MathWorks Demonstrated a Complete Development Cycle for AI Sensors in Embedded Systems

MathWorks announced a webinar on the complete workflow for creating and deploying AI models of virtual sensors that run directly on embedded processors—without cloud overhead and latency.

Why Virtual Sensors Are Needed

A virtual sensor is a neural network that computes a required measurement based on other sensors. For example, an air quality sensor calculated from pressure, humidity, and CO₂, or an equipment failure prediction system that analyzes vibration and temperature. In industry, such sensors have long been used physically—in thermal pipelines, hydraulic systems, and storage facilities. But in embedded systems, this is critical for different reasons: calculating in the cloud is expensive (the internet is unreliable, latency is unacceptable), and on a microcontroller, you must conserve every bit of memory and every milliampere of energy.

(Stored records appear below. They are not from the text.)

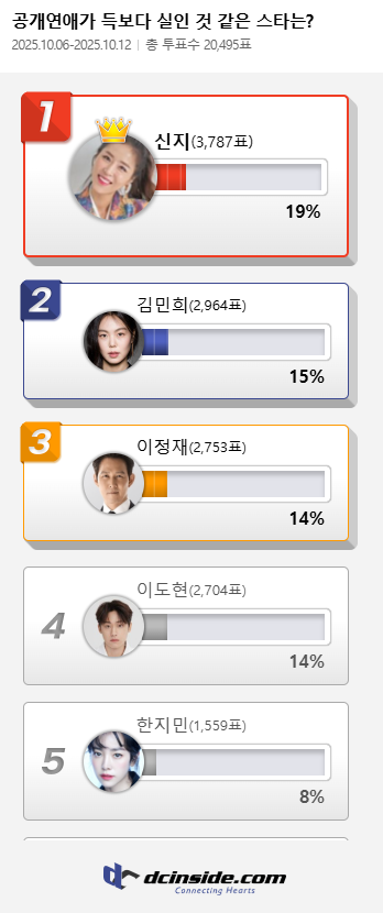 커뮤니티 포털사이트 디시인사이드(대표 김유식)가 `공개연애가 득보다 실인 것 같은 스타는?`으로 투표를 한 결과 신지가 1위에 올랐다. 이 투표는 지난 6일부터 12일까지 총 7일간 진행했다.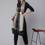 Black Solid Kurta And Palazzo With Printed Dupatta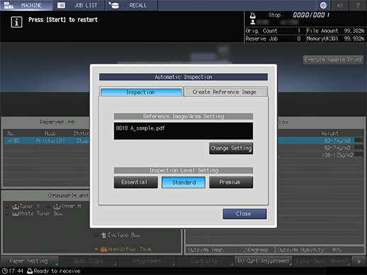 Press Inspection, and confirm Reference Image/Area Setting and Inspection Level Setting.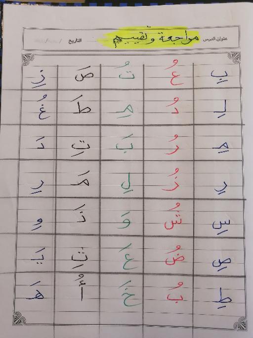 ابدأ بالحروف السطرية ب ت ث د ذ ل ن و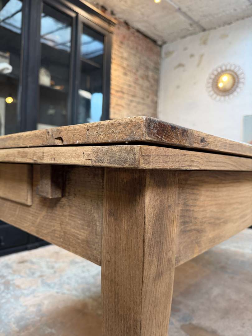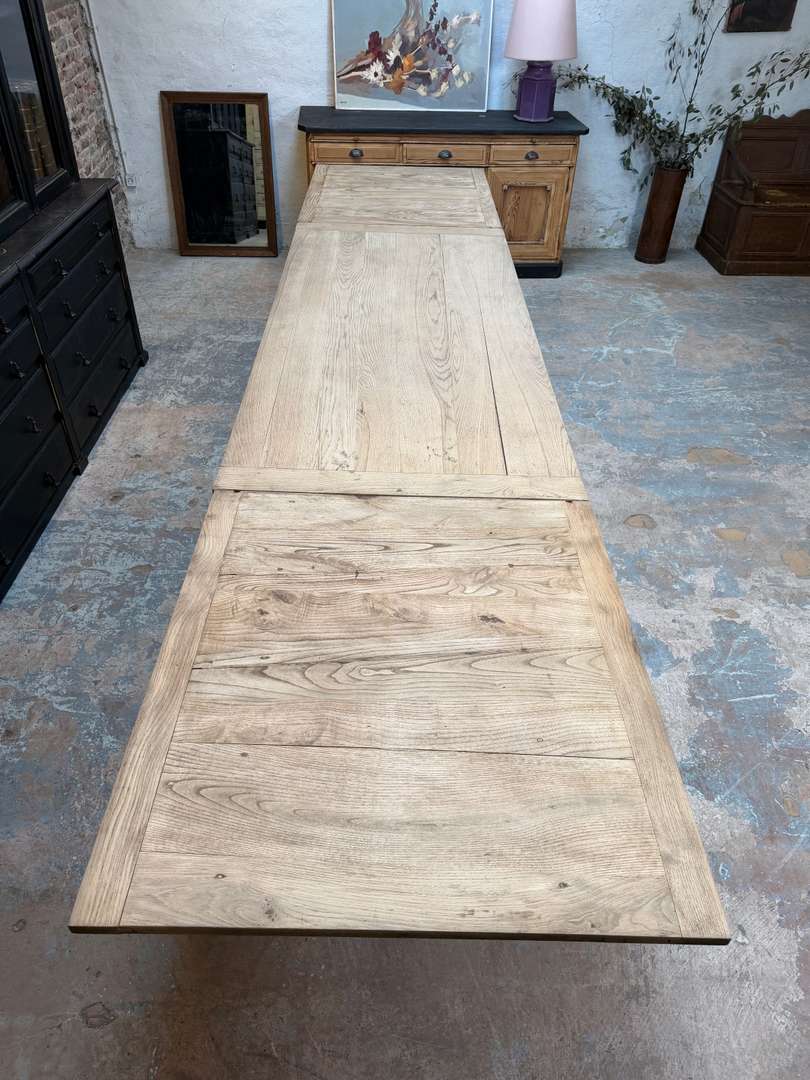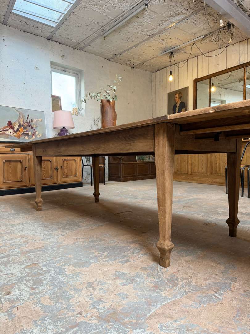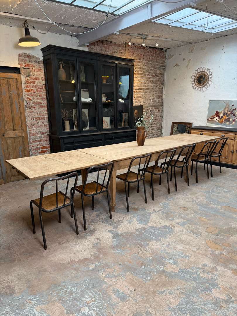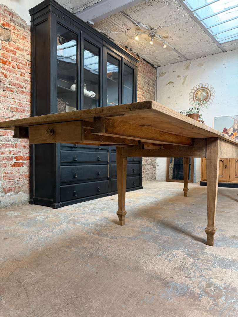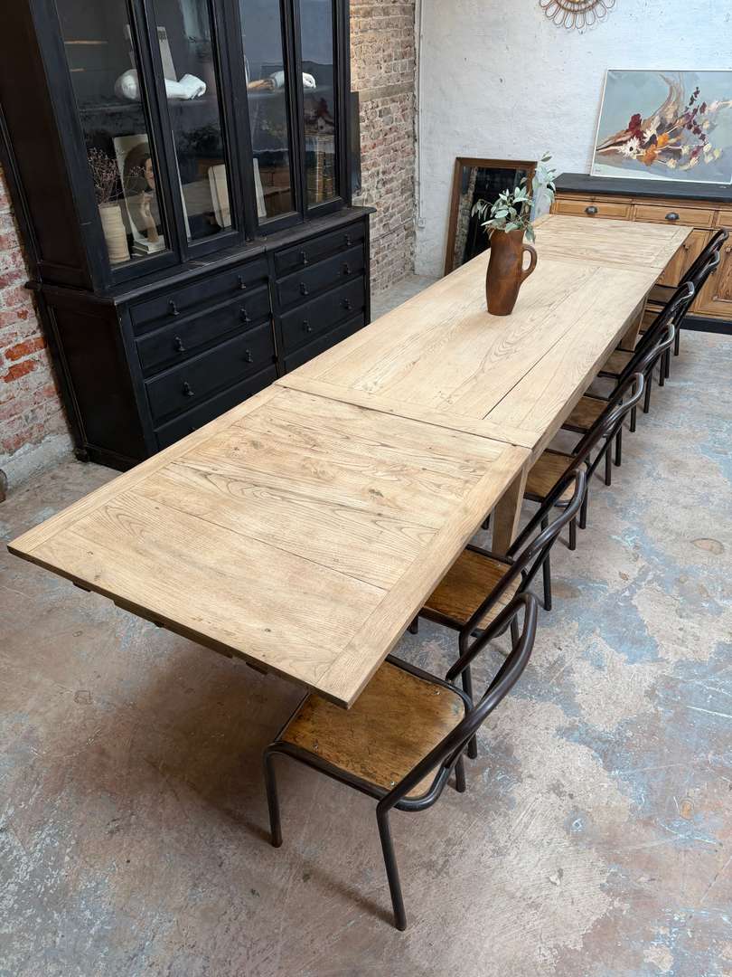 Ancienne table en chêne du début du XXe siècle avec rallonges. Elle passe de 2 à 4 mètres et peut accueillir jusqu’à 16 personnes.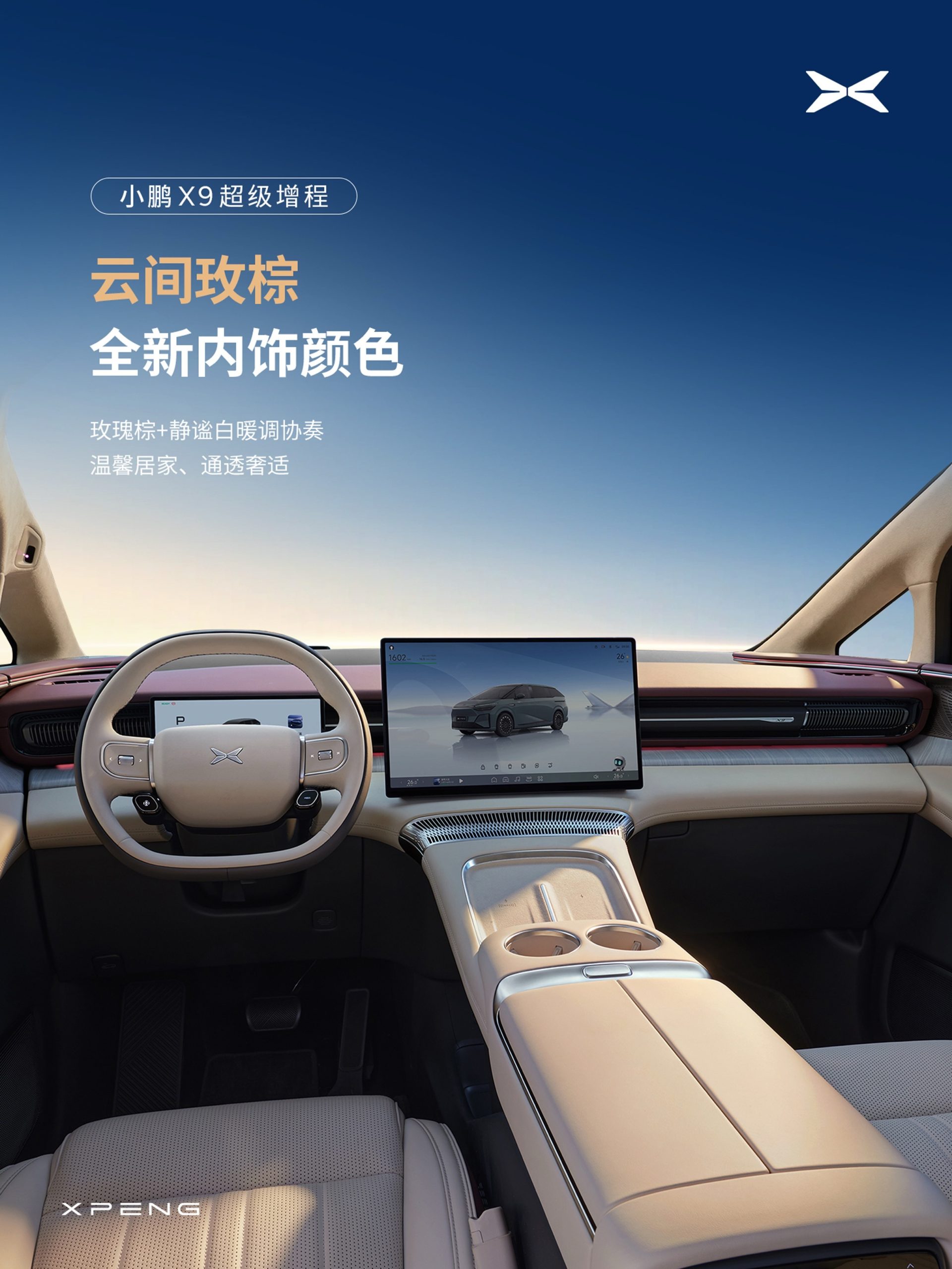 ☁️小鹏X9超级增程内饰全面焕新,有质感更有高级感。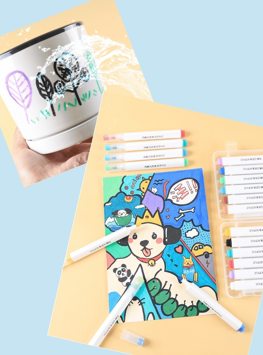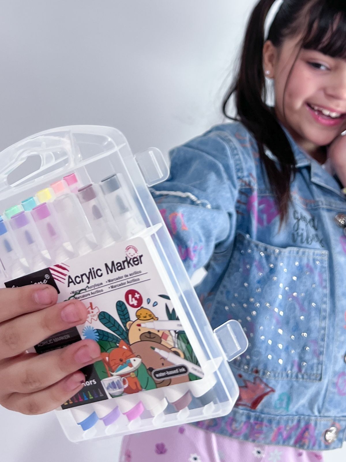 Este set de 12 marcadores acrílicos en colores vibrantes es ideal para niños, jóvenes y adultos que disfrutan de la creatividad. Con tinta a base de agua y punta tipo pincel, son perfectos para pintar sobre papel, cartón, madera, vidrio, plástico y más. Presentados en un práctico estuche rígido con cierre. Ideal para lettering, ilustración, decoración y proyectos escolares.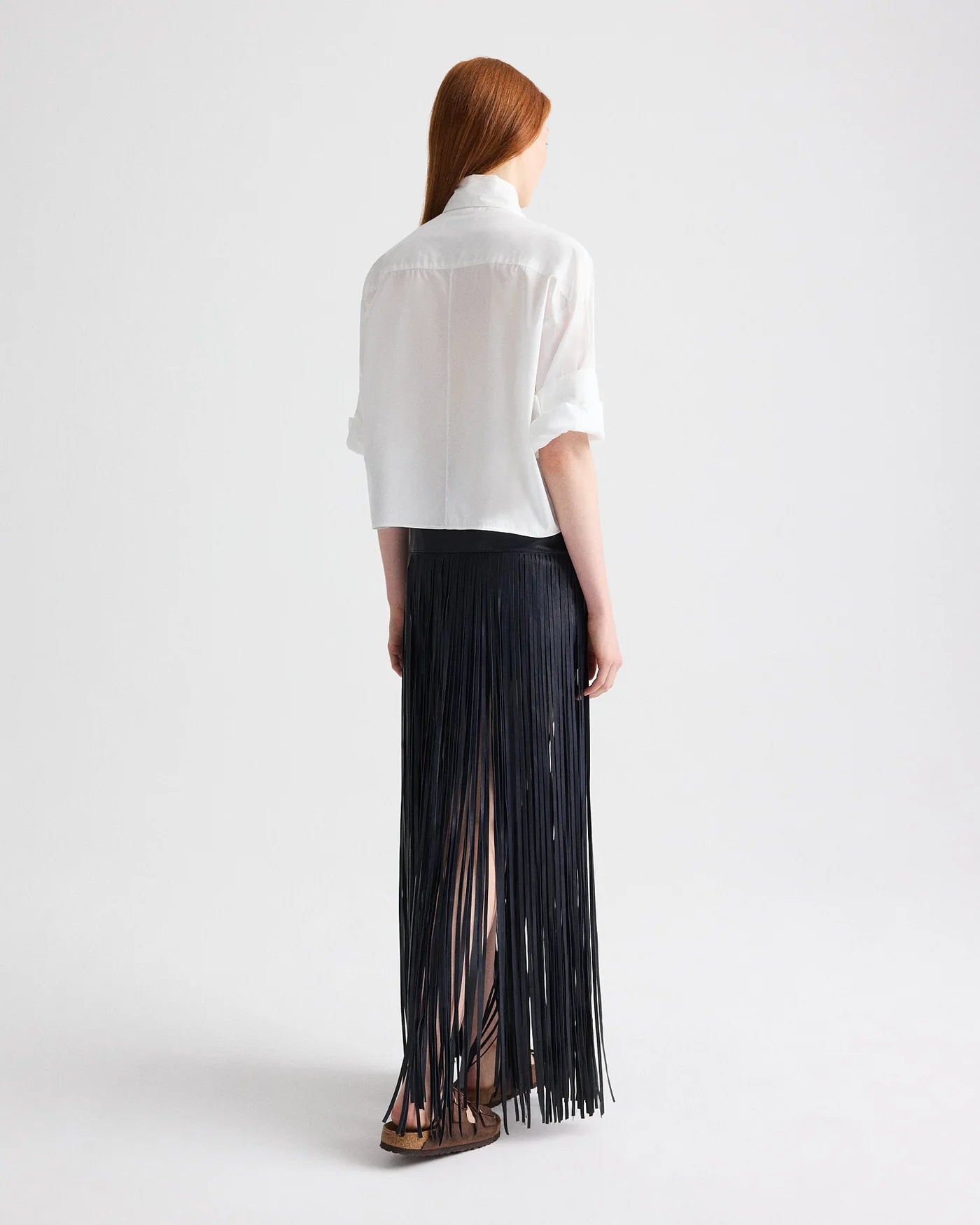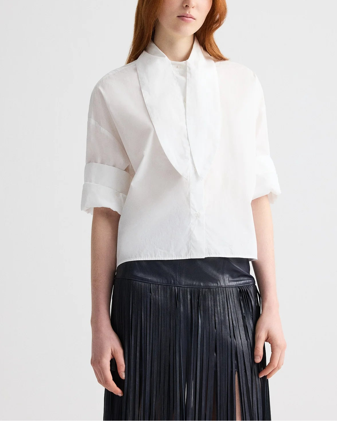 Cropped, short sleeved button down in superfine Italian cotton shirting, with a neck tie at the collar. The Tie One On Shirt is a cropped, boxy silhouette. Complete with a chest patch pocket, button up placket, spread collar, and our signature double roll button cuffs.

What MathWorks Demonstrates

The webinar reveals an end-to-end workflow that includes:

• Integration of AI models into Simulink for verification and simulation-based testing at the system level
• Formal neural network verification—a mathematical guarantee that the network operates within acceptable bounds
• Model compression (quantization, pruning) to save memory and accelerate execution
• C-code generation without dependencies on external frameworks
• PIL tests (processor-in-the-loop)—verification on the actual target processor
• Performance profiling and analysis of trade-offs between accuracy and speed

The entire cycle in a single environment—MATLAB and Simulink. No switching between tools, no loss of context.

Practical Challenges

The main problem: a neural network that works elegantly in a Jupyter notebook can fail on a microcontroller with 32 KB of memory and a 48 MHz processor. That's why MathWorks emphasizes formal verification—not just running tests, but proving that the network won't exceed the boundaries of safe behavior even in the worst case. The second bottleneck—how to compress the model so it fits in memory and runs fast enough, yet doesn't lose accuracy? There are techniques (quantization to int8, structural pruning, distillation), but without automation, it's manual labor.

Context: AI on Edge

This webinar is part of a major trend. Over the past 5 years, edge AI has moved from a niche to mainstream. Now not only large companies train models, but engineers who build washing machines, refrigerators, sensors, and pumps do as well. And they all face the same problem: how to run ML locally when the hardware is like that of the 2010s, but the requirements are those of 2025.

What This Means

Embedded AI is transitioning from hobbyist enthusiasm to production-grade engineering practices. If you have an IoT device, industrial equipment, or consumer electronics—in the coming years you'll need to embed AI models locally instead of sending everything to the cloud. MathWorks offers tooling that makes this an order of magnitude simpler—and most importantly, safer.